In [None]:
# Exploratory Data Analysis (EDA)

# This notebook explores the Xente transaction dataset to understand data structure,
# distributions, data quality issues, and behavioral patterns that inform feature
# engineering and proxy target construction for credit risk modeling.


In [None]:
import pandas as pd
import numpy as np

import matplotlib.pyplot as plt
import seaborn as sns

plt.style.use("default")
sns.set()


In [None]:
df = pd.read_csv("../data/raw/data.csv")


In [None]:
df.head()
df.shape
df.columns
df.info()
df.describe()
df.describe(include="object")


In [None]:
df["TransactionStartTime"] = pd.to_datetime(df["TransactionStartTime"])
df["transaction_hour"] = df["TransactionStartTime"].dt.hour
df["transaction_day"] = df["TransactionStartTime"].dt.day
df["transaction_month"] = df["TransactionStartTime"].dt.month
df["transaction_year"] = df["TransactionStartTime"].dt.year


In [None]:
plt.figure(figsize=(6,4))
sns.histplot(df["Amount"], bins=50, kde=True)
plt.title("Distribution of Transaction Amount")
plt.show()
plt.figure(figsize=(6,4))
sns.histplot(df["Value"], bins=50, kde=True)
plt.title("Distribution of Transaction Value")
plt.show()


In [None]:
df["ProductCategory"].value_counts().plot(kind="bar", figsize=(8,4))
plt.title("Product Category Distribution")
plt.show()


In [None]:
numeric_df = df.select_dtypes(include=np.number)

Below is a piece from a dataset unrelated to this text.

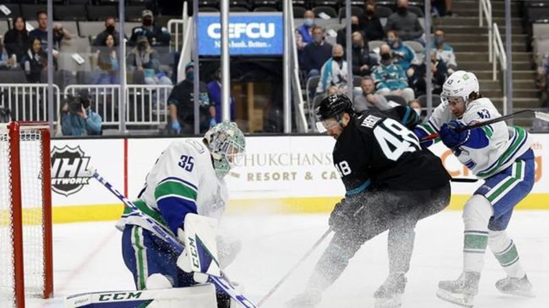 But the Sharks made one last rush and Alexander Barabanov tied it with 0.6 seconds remaining, forcing Vancouver into overtime.

plt.figure(figsize=(10,6))
sns.heatmap(numeric_df.corr(), annot=True, fmt=".2f", cmap="coolwarm")
plt.title("Correlation Matrix")
plt.show()


In [None]:
df.isna().sum()
sns.heatmap(df.isna(), cbar=False)
plt.title("Missing Values Heatmap")
plt.show()


In [None]:
plt.figure(figsize=(6,4))
sns.boxplot(x=df["Amount"])
plt.title("Outliers in Transaction Amount")
plt.show()
sns.boxplot(x=df["Value"])


In [None]:
## Key Insights

# 1. Transaction amounts and values are highly right-skewed, indicating the presence
#    of extreme values and the potential need for log transformation or robust scaling.

# 2. A small number of product categories and channels dominate transaction volume,
#    suggesting strong behavioral concentration.

# 3. Several numerical features show moderate correlation, particularly between
#    Amount and Value, indicating possible redundancy.

# 4. Missing values are minimal and can be handled through simple imputation strategies.

# 5. The presence of frequent low-value transactions suggests that transaction
#    frequency may be a strong indicator of customer engagement and credit risk.